Predictable patrols teach criminals when and where you will be. Vary your route, timing, method, and direction of approach — clockwise one round, counter-clockwise the next. Foot patrol is thorough and engages all your senses, best for buildings, corridors, and dense areas; vehicle patrol is broad and fast, best for large lots, perimeters, and multi-building campuses. Use all five senses: sight (the four-zone and vertical scan), hearing (pause and listen for voices, glass, alarms, mechanical noises out of pattern), smell (smoke, fuel, chemicals — smells often precede visible problems), and touch (a warm door handle in a fire, a loose brick, wet where it should be dry).

Patrol safely as you observe: keep your radio accessible without looking down, keep one hand free at all times, walk slightly to the side of doorways, and never enter a stairwell or confined space without scanning and announcing yourself on the radio first. If something feels wrong, it probably is — pause, call dispatch, and document why.
Observe · Chapter 5 of 8

Observing Suspects

~30 min read

The single most important rule in this entire module: officers identify suspicious behavior, not suspicious people. A person is not suspicious because of how they look, where they are from, or what group they appear to belong to. A person becomes worthy of additional attention because of what they do. Stopping, questioning, or documenting someone based on appearance rather than behavior is bias-based policing — illegal, unethical, and a fast path to losing the guard card and creating civil liability for the company.

Anything you write in a report or testify to must be articulable — describable in specific, observable, factual terms. "He looked like he didn't belong" is not articulable. "He walked the perimeter three times in 20 minutes, checked every door handle, and looked over his shoulder before entering the alley" is. Identity alone is never articulable suspicion. Train yourself to articulate.

Indicators of Suspicious Activity

These are behaviors — observable actions — that may indicate criminal intent. Any one alone is rarely conclusive; patterns and combinations are what matter.

Before
Pre-Incident
  • Loitering with no apparent purpose near entries, ATMs, or restricted areas.
  • Repeatedly checking the time or watching a specific person, door, or vehicle.
  • Counter-surveillance — looking for cameras, officers, or witnesses.
  • Testing security — pulling on locked doors, propping doors, triggering alarms to time the response.
  • "Casing" — slow passes, photographing the security setup, unusual questions about hours or staffing.
During
During-Incident
  • Concealing items under clothing, in bags, or under carts.
  • Switching items between people in a group.
  • Acting as a lookout while another engages in suspicious activity.
  • Confronting employees or officers to create a distraction.
  • Repeatedly entering and exiting in short intervals.
After
Post-Incident
  • Leaving in haste without normal departure rituals (locking, signing out).
  • Avoiding eye contact with officers while moving quickly.
  • Discarding items along an exit route — bags, gloves, clothing.
  • Returning to the scene to monitor the response.

Describe People and Vehicles

When describing a person — for a radio call, a report, or a BOLO (Be On the Lookout) — use a consistent head-to-toe method so the description is complete and usable by anyone who hears it: General (gender presentation, approximate age, height and weight range, build) → Head (hair, facial hair, head covering) → Face (glasses, scars, tattoos, distinguishing marks, masks) → Upper Body (shirt/jacket color, type, logos, layering) → Lower Body (pants type and color, belt, unusual fit or bulges) → Feet (shoe type and color — shoes often outlast clothing changes during a crime) → Carry items (bags, packages, tools, weapons) → Direction & Speed (travel direction, on foot or vehicle, companions).
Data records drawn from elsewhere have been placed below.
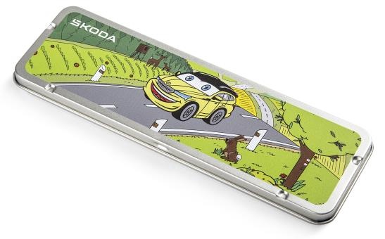 Ensemble de 6 crayons dans une boîte en métal avec un motif pour enfants. Chaque crayon a un imprimé ŠKODA noir. Ce produit convient aux enfants à partir de 3 ans.
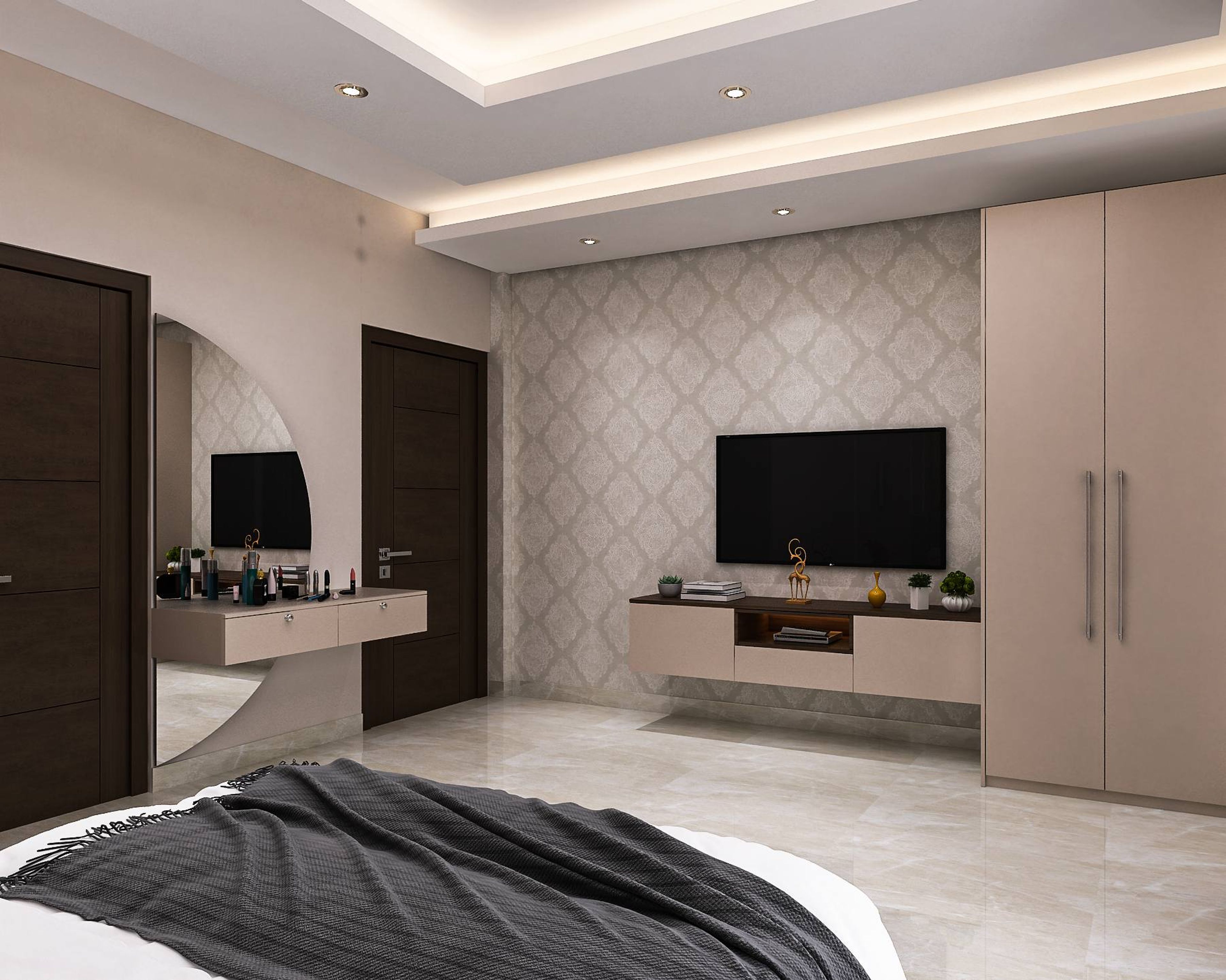 Designed with an accent wall in a unique shade and white trims, this master bedroom design takes on a modern appeal. The wardrobe offers maximum storage and matches the theme of the room. This master bedroom design has a smart placement of furniture to offer convenience and utility.
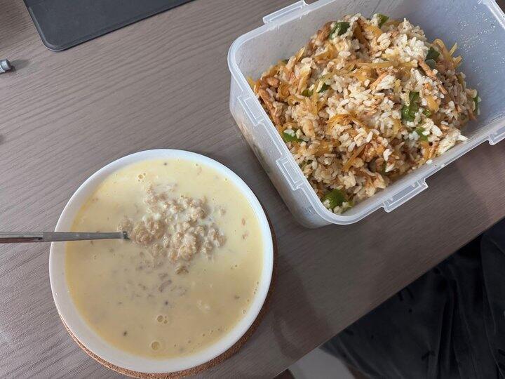 我的晚餐 鸡蛋牛奶燕麦 亲亲的炒菜大米饭

For vehicles, memorize CYMBALS:

C
Color
Primary color, plus secondary if two-tone.
Y
Year
Approximate model year or generation.
M
Make
Manufacturer — Ford, Toyota, and so on.
B
Body
Sedan, SUV, pickup, van, motorcycle, etc.
A
And…
Identifying features — dents, stickers, missing trim, aftermarket wheels, broken lights, distinctive cargo.
L
License
Plate number and state, or partial plate; use the phonetic alphabet for letters.
S
State / Style
State of issue and any distinctive plate style — vanity, dealer, or paper.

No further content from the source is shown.